The Commerce Department said Thursday that sales of new homes rose 3.8 percent in January to a seasonally adjusted annual rate of 679,000, the highest level in three months.

“It’s fairly strong, but it’s off the peak,” said economist Cynthia Latta of DRI-McGraw Hill, a Lexington, Mass., forecasting firm. “The market has been held up by adjustable rate mortgages,” she said, and warmerthan-usual weather also has helped.

But she noted that another report this week showed existing-home sales dropped in January to their lowest level in nearly two years and housing starts also are down.

“We’re on a slowing growth track. One month’s data doesn’t change that,” she said.

“It’s kind of an erratic spike in the numbers. All the trends indicate there is a loss of momentum,” said Jim Irvine, president of the National Association of Home Builders.

Thirty-year, fixed-rate mortgages averaged 9.15 percent in January, up from less than 7 percent before the Federal Reserve began forcing up interest rates. They have fallen below 9 percent since then.

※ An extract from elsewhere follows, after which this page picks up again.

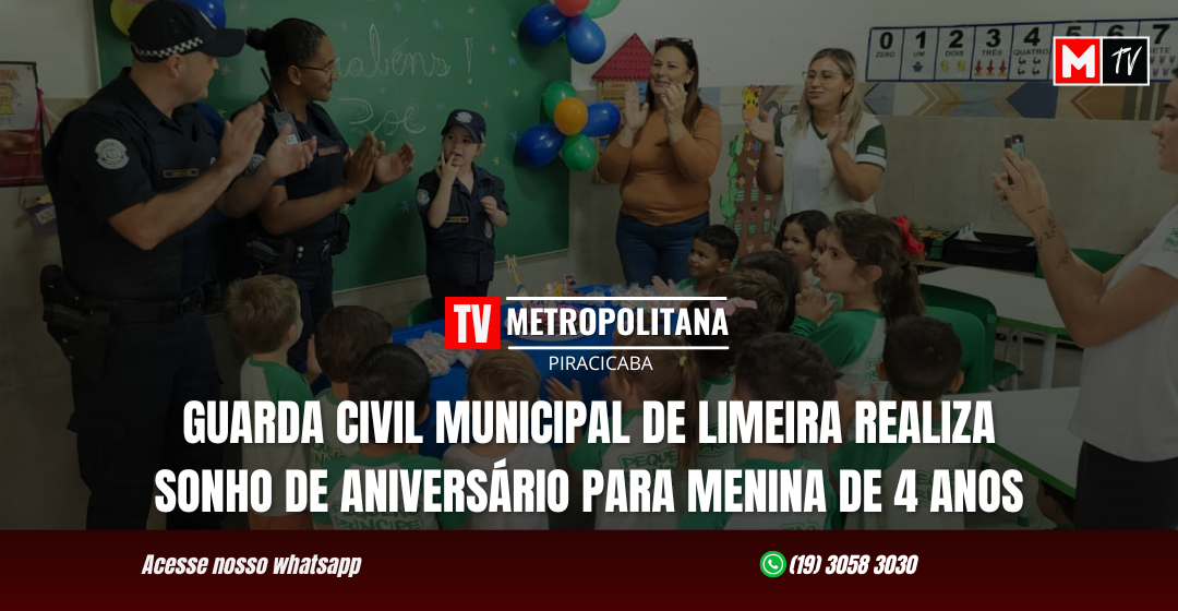 Na manhã desta segunda-feira (24), a equipe da Guarda Civil Municipal de Limeira, por meio do projeto Educar Limeira, realizou o sonho da pequena Zoe, que completou 4 anos de idade. A equipe visitou a escola onde Zoe estuda, participou da celebração de aniversário e presenteou a menina com uma réplica do uniforme da Guarda Civil Municipal de Limeira.

A jump from 7 percent to 9 percent would add $209 to the monthly payment on a $150,000 mortgage.

Stocks, bonds and the dollar all fell, partly in response to the economic news.

In another report, the Labor Department said the number of newly laid-off Americans filing claims for jobless benefits fell 13,000 to a seasonally adjusted 331,000 last week.

January’s 0.9 percent income gain was no surprise but is still the biggest increase in three months. It was more than twice the 0.4 percent increase in spending.

Analysts pointed to a drop of 1 percent in spending for big-ticket durable goods as a sign the economy is cooling, even though the durable-goods decline was more than offset by higher spending on services and non-durable goods such as food and fuel.

“The latest data on consumer spending points to a sharp slowdown in the first quarter,” said Bruce Steinberg of Merrill Lynch & Co. “February consumer spending will probably also be roughly flat.”

Consumer spending represents two-thirds of the nation’s economic activity and has been a key to robust growth. The government reported Wednesday that the economy surged 4.6 percent in the last three months of 1994.

The Federal Reserve, seeking to restrain growth and check inflation, has raised interest rates seven times in the past 13 months in an effort to slow the expansion rate to about 2.5 percent.

The new income figures were swelled by earnings for overtime and some special factors, including pay raises for federal workers and cost-of-living increases that drove up benefits.

The Commerce Department said that incomes climbed 0.7 percent in December, revised from an earlier estimate of up 0.8 percent. Spending increased 0.1 percent in December.

Disposable income - income after taxes - rose 0.7 percent in January after gaining 0.8 percent the previous month.